* **Problem to solve**:
Would you output the lines from the one with "シアン羊毛*7、レッドストー" through the last line of the material below, exactly, but without pictures?

* **Material provided**:

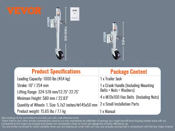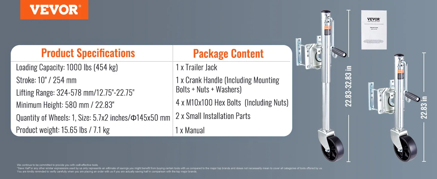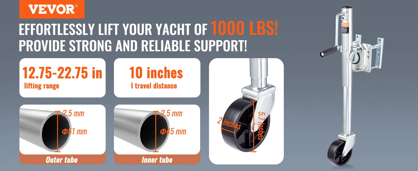 Capacidad de carga de servicio pesado: el gato para remolque VEVOR cuenta con una impresionante capacidad de elevación de 1000 libras, lo que lo convierte en una poderosa herramienta para tareas de elevación. Con un rango de elevación de 12,75 a 22,75 pulgadas, se adapta a remolques de alto o bajo perfil sin importar.
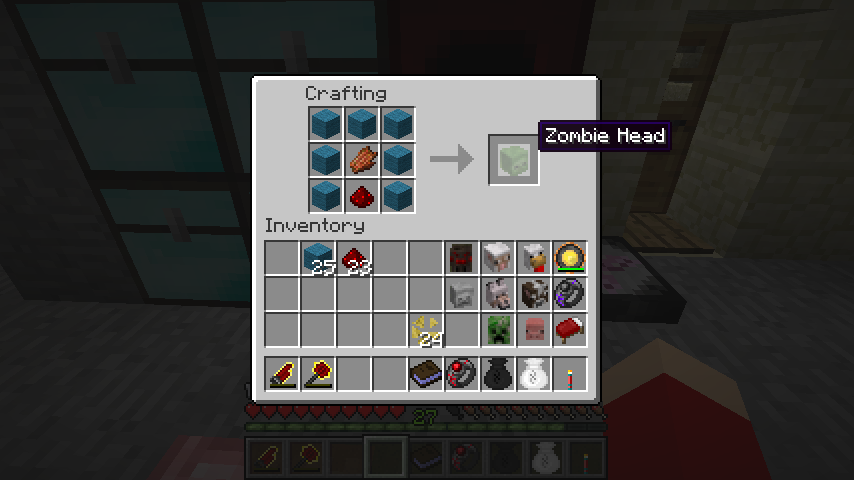 シアン羊毛*7、レッドストーン、ゾンビ肉でゾンビの頭(Zombie Head)。
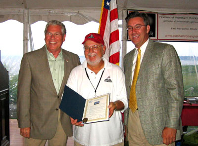 Rhode Island Governor Donald Carcieri and East Providence Mayor Joseph Larisa flank Don Doucette, chairman of the Friends of Pomham Rocks Lighthouse at the re-lighting ceremony. Photo courtesy of Laura McNamara. Back to the edition of: October 2006
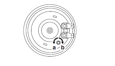 b. Turn the adjusting screw in direction "a" or "b" until the specified horn sound is obtained.
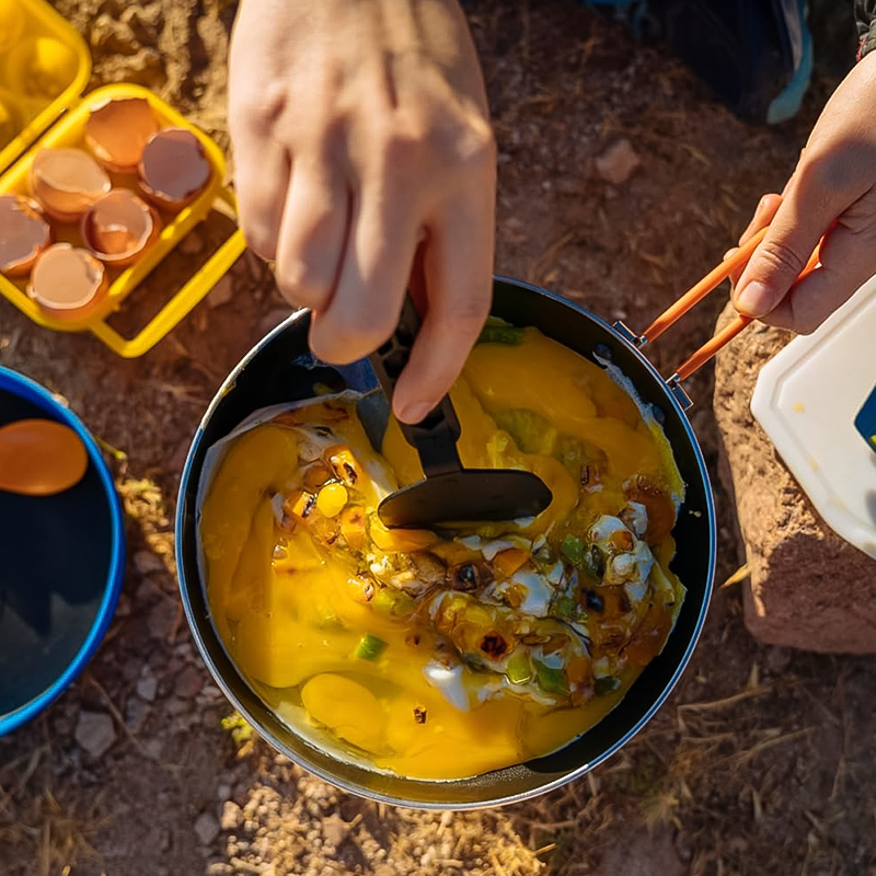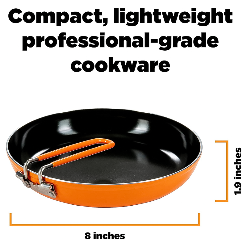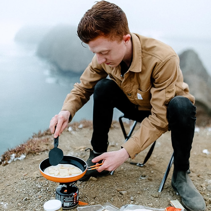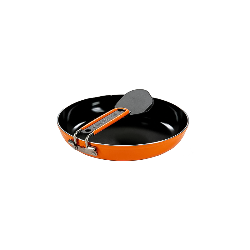 Jetboil's newly redesigned Summit Skillet is an awesome addition to your backpacking kit. It's weighs just 10.6oz and is 8.5in in diameter with a collapsible handle and built-in spatula. Not to mention the skillet has an eco-friendly, pfoa-free, non-stick ceramic coating that is scratch resistant and cleans with just a wipe of a rag. You'll be psyched when you're on dish duty. The varied aluminum wall thickness is designed to distribute heat evenly so you can create a decadent home-cooked meal at the top of the sierras!

* **Expected answer**:
 シアン羊毛*7、レッドストーン、ゾンビ肉でゾンビの頭(Zombie Head)。
 Rhode Island Governor Donald Carcieri and East Providence Mayor Joseph Larisa flank Don Doucette, chairman of the Friends of Pomham Rocks Lighthouse at the re-lighting ceremony. Photo courtesy of Laura McNamara. Back to the edition of: October 2006
 b. Turn the adjusting screw in direction "a" or "b" until the specified horn sound is obtained.
 Jetboil's newly redesigned Summit Skillet is an awesome addition to your backpacking kit. It's weighs just 10.6oz and is 8.5in in diameter with a collapsible handle and built-in spatula. Not to mention the skillet has an eco-friendly, pfoa-free, non-stick ceramic coating that is scratch resistant and cleans with just a wipe of a rag. You'll be psyched when you're on dish duty. The varied aluminum wall thickness is designed to distribute heat evenly so you can create a decadent home-cooked meal at the top of the sierras!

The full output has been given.